Am Sonntag zog der "Zug der fröhlichen Leute" durch Cottbus. Rund 3000 Narren boten den Zuschauern am Straßenrand Tanz, Musik und Kamelle. Auch bei Minustemperaturen verging keinem die Lust am Feiern. Aufgewärmt mit Kaffee und Glühwein hielten die meisten Zuschauer durch, bis der letzte der 90 geschmückten Festwagen vorbeigezogen war.
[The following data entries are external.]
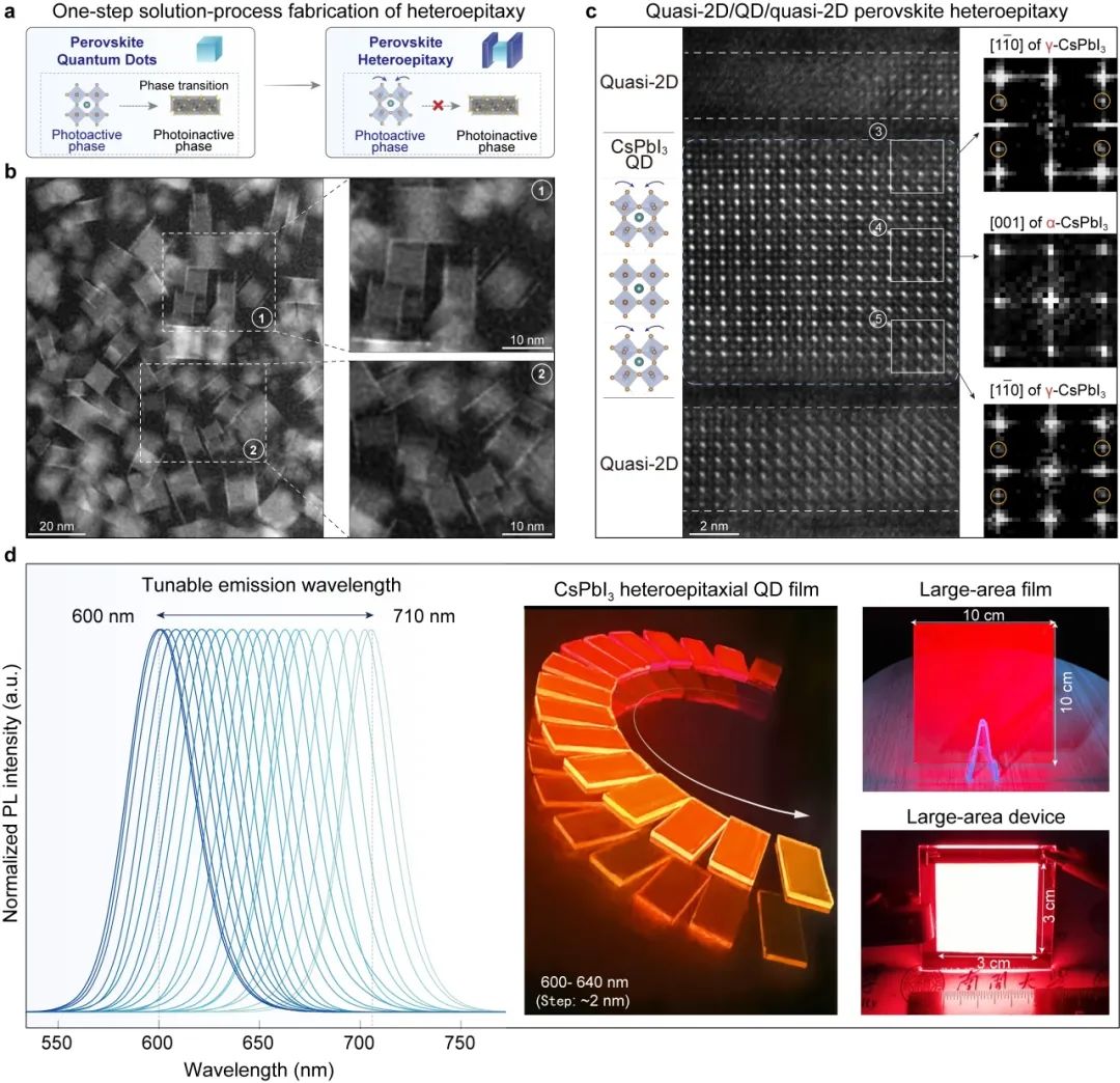 团队针对新型钙钛矿超高清显示技术中纯红光 CsPbI3 钙钛矿量子点材料相稳定性差这一世界难题,率先提出“外延异质结界面应力操控”策略,首次利用全溶液法实现钙钛矿范德华外延异质结的大面积原位可控制备,成功突破材料稳定性与器件性能双重瓶颈,研发出高效率与高稳定性兼备的纯红光钙钛矿电致发光器件 (LED),为下一代超高清显示技术发展提供了关键技术支撑,标志着在该领域的重大技术突破。
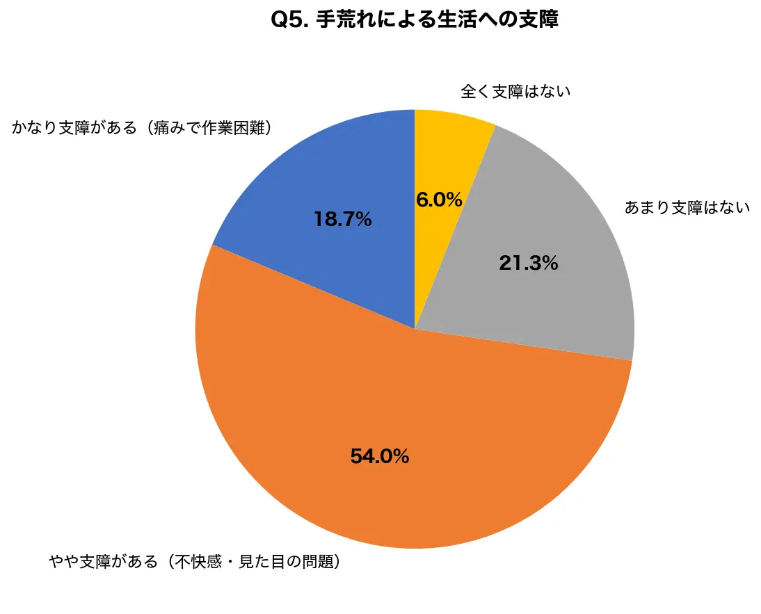 「かなり支障がある」と「やや支障がある」を合わせると72.7%に達し、手荒れが日常生活のQOL(生活の質)を著しく低下させていることが明らかになりました。痛みで作業が困難な方も18.7%おり、早期治療の重要性を示しています。
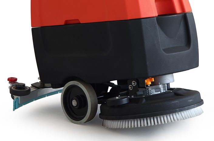Модель оснащена дисковой щеткой диаметром 460 мм и баками для чистой и грязной воды по 25 литров, что обеспечивает эффективное мытьё и одновременный сбор грязи. Благодаря компактным размерам (990×450×1050 мм) машина легко маневрирует даже в узких проходах и ограниченных пространствах.
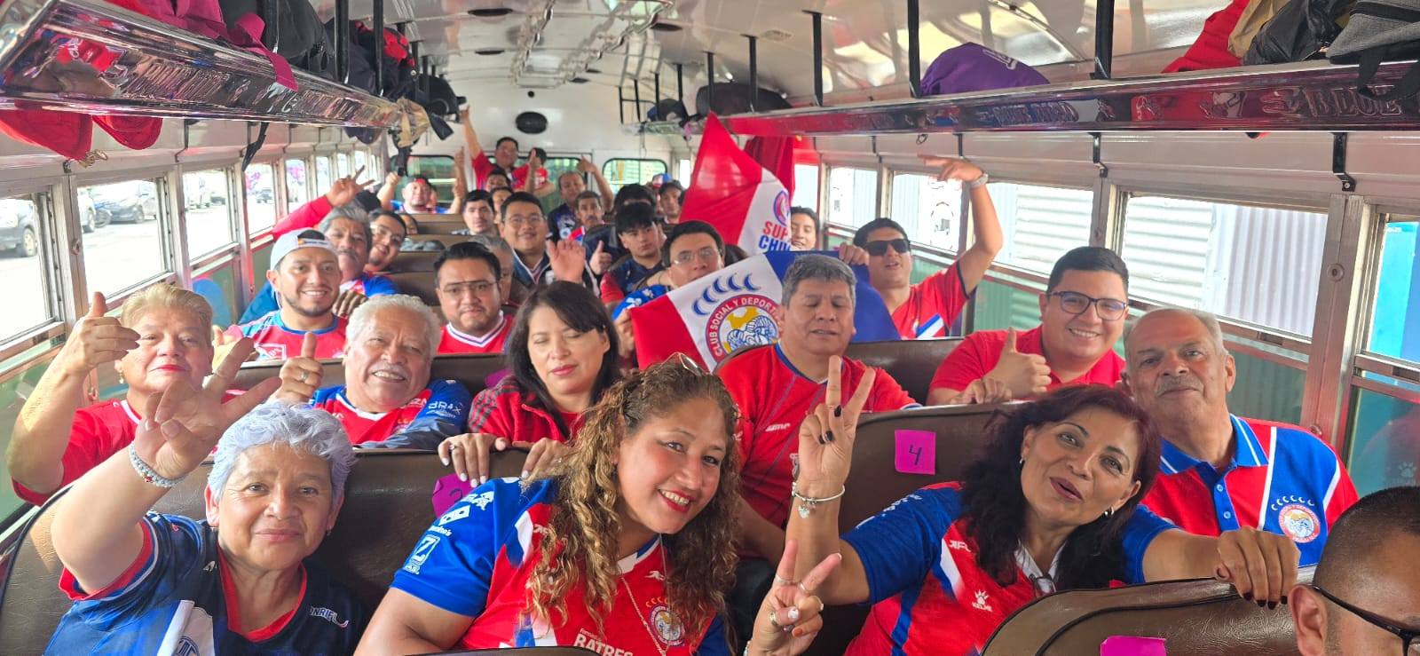 Aficionados altenses abordando el autobús antes de emprender su viaje hacia la ciudad capital, donde Xelajú MC enfrentará a Real España en las semifinales de la Copa Centroamericana.

Aus der gesamten Lausitz, aus Berlin, Sachsen und Sachsen-Anhalt waren die rund 100 000 Schaulustigen angereist, um den größten Karnevalsumzug Ostdeutschlands zu erleben.

Einige Karnevalsvereine nahmen sich mit Sprüchen und Malereien brisanter politischer Themen an, wie der Fusion der beiden Lausitzer Hochschulen oder der Verzögerungen beim Bau des Flughafens BER. Und fast alle hatten in diesem Jahr offenbar fleißig die Choreografie zum Hit "Gangnam Style" des Koreaners Psy geübt.

Nach dem Umuzug feierten die Cottbuser Narren im Festzelt auf dem Viehmarkt bei Musik und Tanz weiter.

Einen Tag zuvor waren bereits Umzüge durch Bad Muskau und Plessa gezogen. Drei Stunden lang hatten die Narren Plessa fest im Griff. Das Motto in diesem Jahr: "Mach es wie die Narrenuhr, zähl' die lust'gen Stunden nur." Dass in dieser Saison nur 37 statt der sonst um die 50 Umzugsbilder an der Parade teilnahmen, tat der Stimmung keinen Abbruch. Aus dem Oberspreewald-Lausitz und Sachsen waren zahlreiche Schaulustigen zum Zug nach Plessa gekommen. Narren in Tierkostümen mischten sich zwischen die tanzenden Funken, ehrwürdige Ministerriegen und Musikformationen. Die Umzugsteilnehmer zeigten sich spendabel und verteilten fleißig nicht nur Konfetti, sondern auch Bonbons und Souvenirs. Bestens gelaunt feierte Bad Muskau unter dem Motto der 58. Saison "Der EBM, der lässt es knallen, bei Pulverschnee und Eiskristallen!". Zahlreiche Zuschauer am Straßenrand sorgten dabei für eine stimmungsvolle Kulisse.